Brown Dog co-principal investigator Praveen Kumar, a professor in the department of Civil and Environmental Engineering at the University of Illinois at Urbana-Champaign and the director of the NSF-supported Critical Zone Observatory for Intensively Managed Landscapes is developing ways to exploit Brown Dog for the analysis of LIDAR data. He hopes to characterize landscape features for the study of human impact in the critical zone.

"These technologies will enable rapid investigation of large high-resolution datasets in conjunction with other data such as photographs and ground measurements for modeling and cross comparison across study sites," Kumar said.

McHenry is also a team member on a new DIBBS project that applies some of the insights from his work to data-driven discovery in materials science.

Brown Dog isn't only useful for searching the Deep Web, either.
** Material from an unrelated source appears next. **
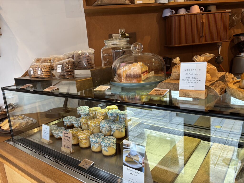 2階のカフェで食べられるケーキやプリンもショーケースの中にあります。
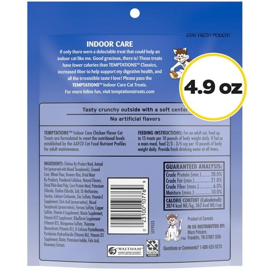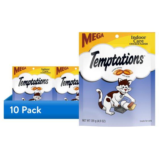 (10 pack) Temptations Indoor Care Chicken Flavor Crunchy And Soft Treats For Cats, 4.9 Oz Pouch

McHenry says the Brown Dog software suite could one day be used to help individuals manage their ever-growing collections of photos, videos and unstructured/uncurated data on the Web.

"Being at the University of Illinois and NCSA many of us strive to create something that will live on to have the broad impact that the NCSA Mosaic Web browser did," McHenry said, referring to the world's first Web browser, which was developed at NCSA. "It is our hope that Brown Dog will serve as the beginnings of yet another such indispensible component for the Internet of tomorrow."